My function is very complicated and does many things, and in the end I get for each row of DF a new row. Let's say for simplicity that the function adds 1 to column 1, 2 to column 2 and 3 to column 3 (this of course can be vectorized, but my function, lets call it Funct, does much more). So:
Funct = function(DF) {
DF[1]= DF[1]+1
DF[2] = DF[2]+2
DF[3] = DF[3]+3
return(DF)
}
How do I apply this function in the most efficient way to get in the end a new data frame with the output:
> DF
x y z
<dbl> <dbl> <dbl>
1 51 134 3.82
2 50 126 4.00
3 21 132 3.63
回答1:
apply
is a bad option for data frames because it is designed for matrices, and thus will coerce a data frame input to a matrix before iterating. Aside from occasionally being an expensive conversion (which has to be reversed afterwards), the real problem with this is that matrices in R can only handle a single type, whereas data frames can have a different type for each variable. Thus, while it will work fine for the data here, you'll often end up with type coercion happening in a matrix you can't see, when numbers are coerced to character because another column is a factor. If you really want to use apply
, explicitly coerce to a matrix beforehand so you can see what it is working with, and you'll avoid a lot of annoying bugs.

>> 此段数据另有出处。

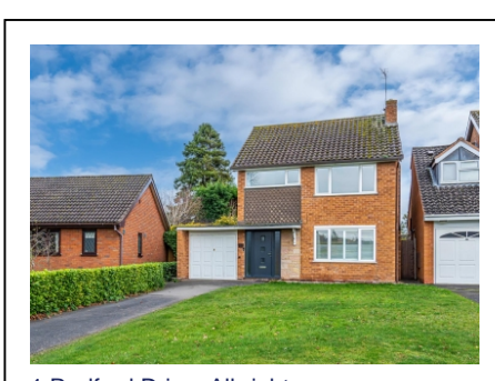
1 Redford Drive, Albrighton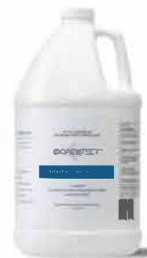
BIOPROTECT™ Hydrating Hand Sanitizer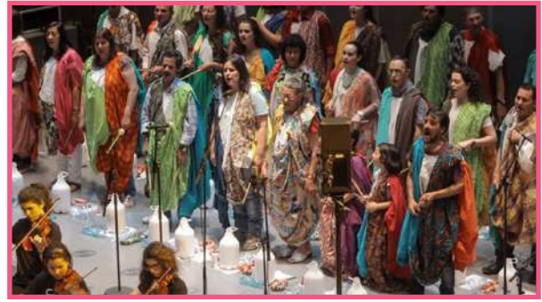
Som da Rua choir and band, Casa da Música

the most excluded people (homeless, at risk, living in social institutions) and to collaborate with social institutions, to build up a fully inclusive musical project," he explained. "Many of these individuals are excluded from society. In our group they are integrated and respected and through musical practice, they [learn] basic rules of democratic life, such as the right to express ourselves, the capacity to listen to others and respect their opinions. Thus, this is definitely also an educational project that develops many relevant skills." Everyone was welcome to join. No audition or previous musical experience was required.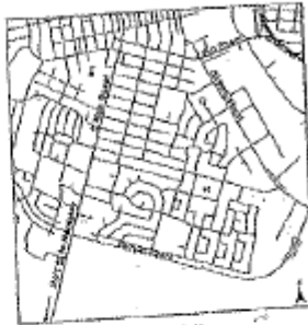
Map of Hwy 68 through Salinas Highway 68, which runs through Salinas along South Main Street from John Street to Blanco and John Street to HWY 101 (Hwy 65) is scheduled for street reconstruction in 2004-2005 at a cost of approximately $12.0 million.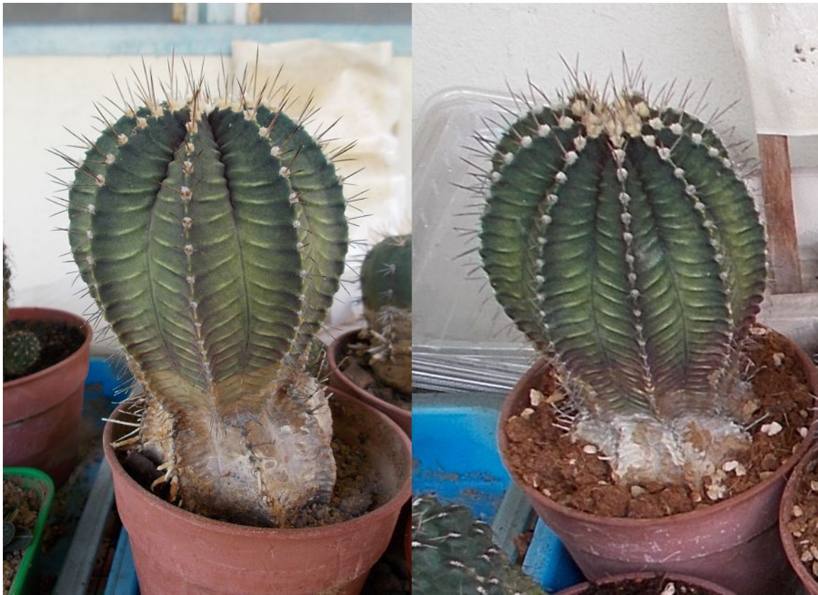
Maybe dark green, if under shelter and not starved. Left: Feb 2015. Right: Nov 2015. The optical distortion is due to the plant being near the edge of the digital picture.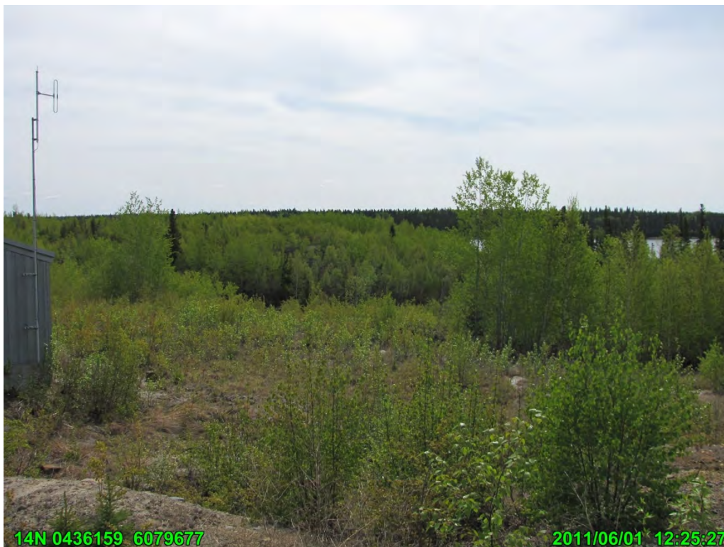
Photograph 41. Former Anderson Mine site with Anderson TIA in background. (1 June 2011)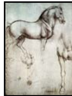
Leonardo Davinci, Study of a Horse (1490)

Images of horses have appeared in art since humans have been writing and painting on cave walls. The first images we have are from 16,000 years ago. They were found in the Lascaux Caves in southwestern France. Below are other examples of famous works of art containing horses.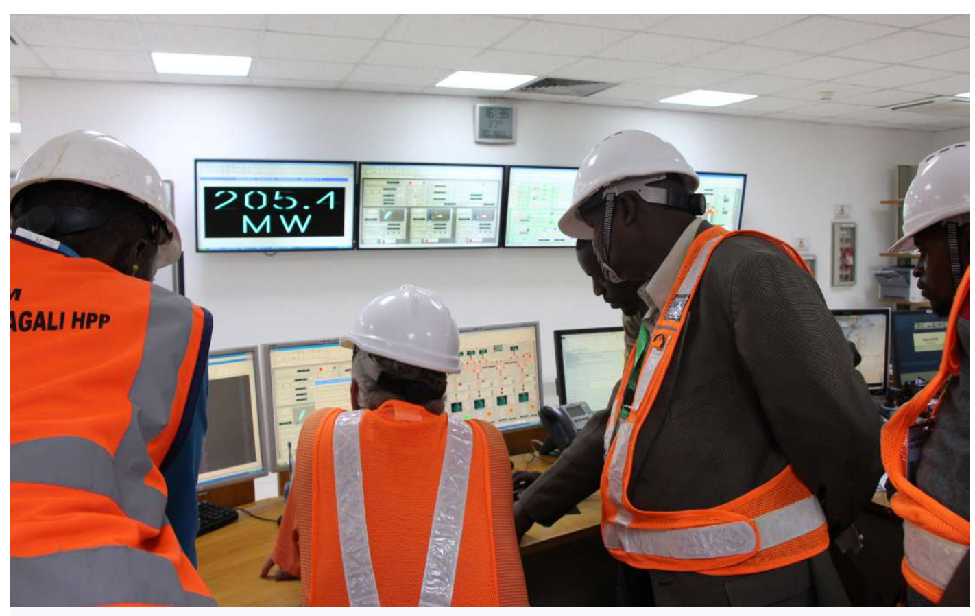
DAM SAFETY CAPACITY BUILDING TRAINEES FROM KENYA, UGANDA AND TANZANIA VISIT TO THE BUJAGALI POWER STATION IN JINJA, UGANDA

But there's a better option than apply
: instead, iterate in parallel over the variables (columns) and then coerce the resulting list back to a data frame. purrr::pmap_dfr
will handle both parts:
library(tidyverse)
DF = data_frame(x = c(50, 49, 20),
y = c(132, 124, 130),
z = c(0.82, 1, 0.63))
DF %>%
pmap_dfr(~list(x = ..1 + 1,
y = ..2 + 2,
z = ..3 + 3))
#> # A tibble: 3 x 3
#> x y z
#> <dbl> <dbl> <dbl>
#> 1 51. 134. 3.82
#> 2 50. 126. 4.00
#> 3 21. 132. 3.63
You can do the same thing in base R with
do.call(rbind, do.call(Map,
c(function(...){
data.frame(x = ..1 + 1,
y = ..2 + 2,
z = ..3 + 3)
},
DF)
))
#> x y z
#> 1 51 134 3.82
#> 2 50 126 4.00
#> 3 21 132 3.63
...though it's not terribly pretty.
Note that a vectorized solution, when possible, will be much, much faster.
DF %>%
mutate(x = x + 1,
y = y + 2,
z = z + 3)
#> # A tibble: 3 x 3
#> x y z
#> <dbl> <dbl> <dbl>
#> 1 51. 134. 3.82
#> 2 50. 126. 4.00
#> 3 21. 132. 3.63
回答2:
Just use apply
...
DF2 <- as.data.frame(t(apply(DF, 1, Funct)))
DF2
x y z
1 51 134 3.82
2 50 126 4.00
3 21 132 3.63
回答3:
If this is perfectly numeric
, you can get away with
as.data.frame(t(apply(as.matrix(DF), 1, `+`, c(1,2,3))))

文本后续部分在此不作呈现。